*MATERIAL PROVIDED*.
++++++++++

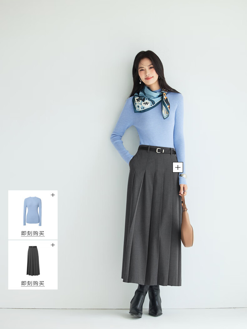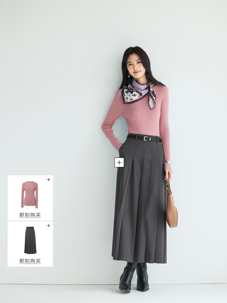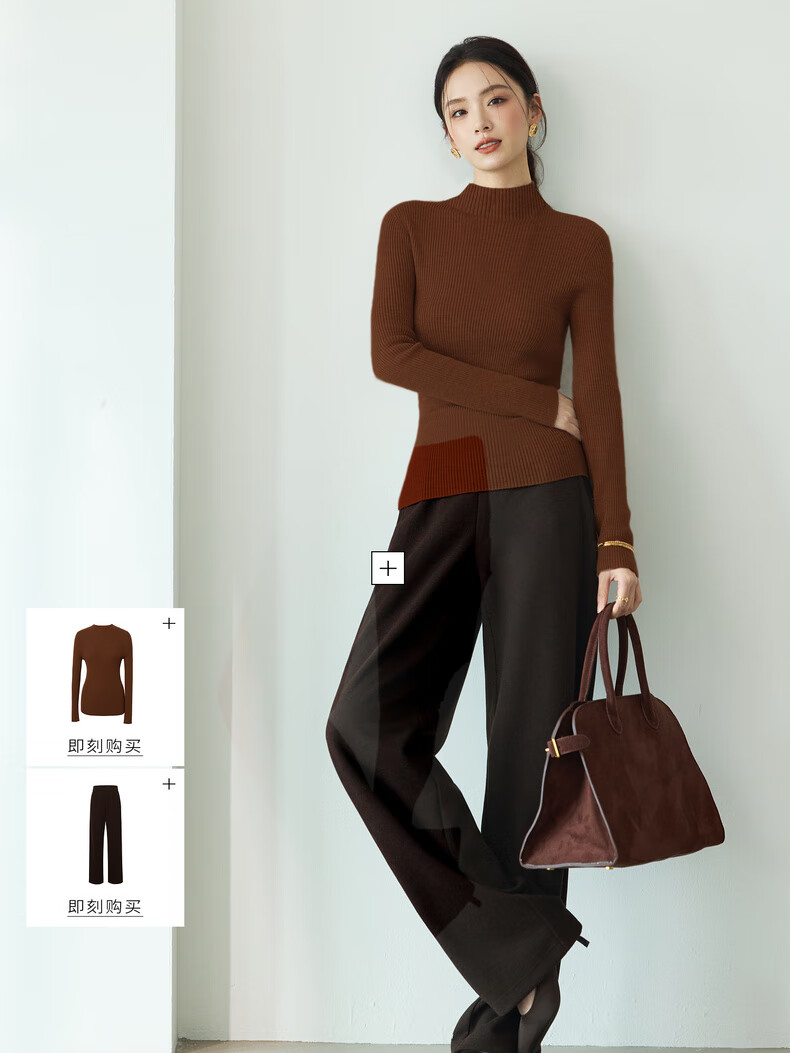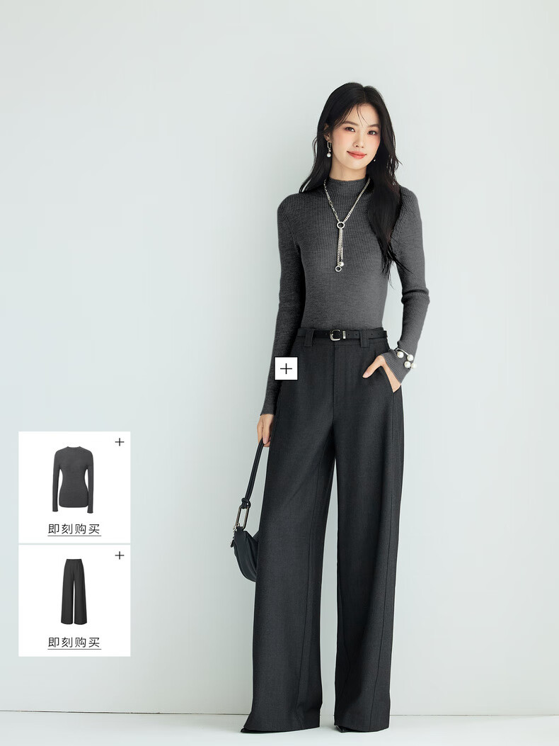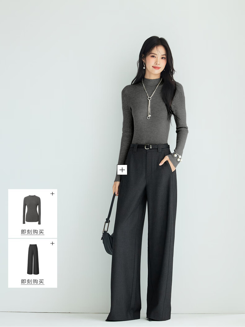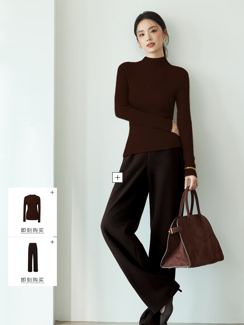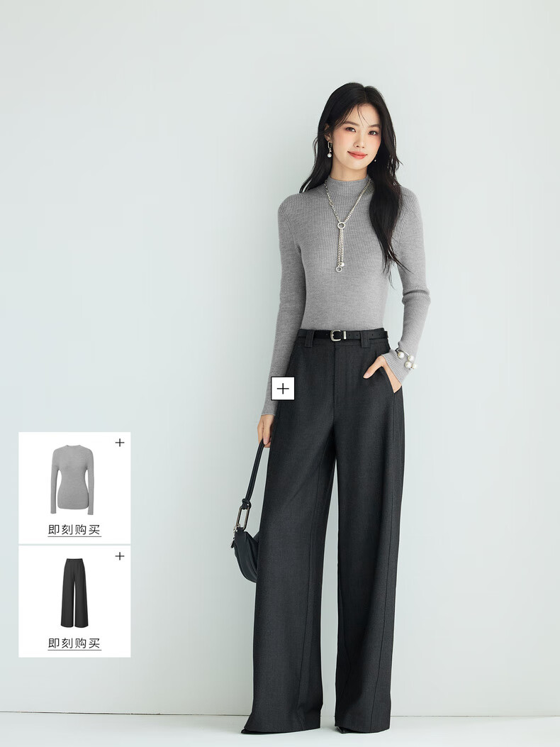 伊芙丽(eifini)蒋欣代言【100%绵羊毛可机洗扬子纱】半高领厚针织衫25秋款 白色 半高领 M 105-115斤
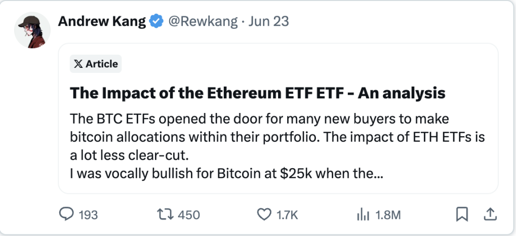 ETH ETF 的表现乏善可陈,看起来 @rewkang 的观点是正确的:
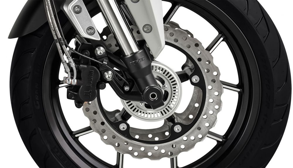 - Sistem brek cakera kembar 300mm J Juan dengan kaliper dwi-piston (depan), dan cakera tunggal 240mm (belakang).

++++++++++

*WHAT THIS TASK INVOLVES*. Your answer must be an exact copy of the listing, minus its pictures.

*ANSWER SECTION*.
 伊芙丽(eifini)蒋欣代言【100%绵羊毛可机洗扬子纱】半高领厚针织衫25秋款 白色 半高领 M 105-115斤
 ETH ETF 的表现乏善可陈,看起来 @rewkang 的观点是正确的:
 - Sistem brek cakera kembar 300mm J Juan dengan kaliper dwi-piston (depan), dan cakera tunggal 240mm (belakang).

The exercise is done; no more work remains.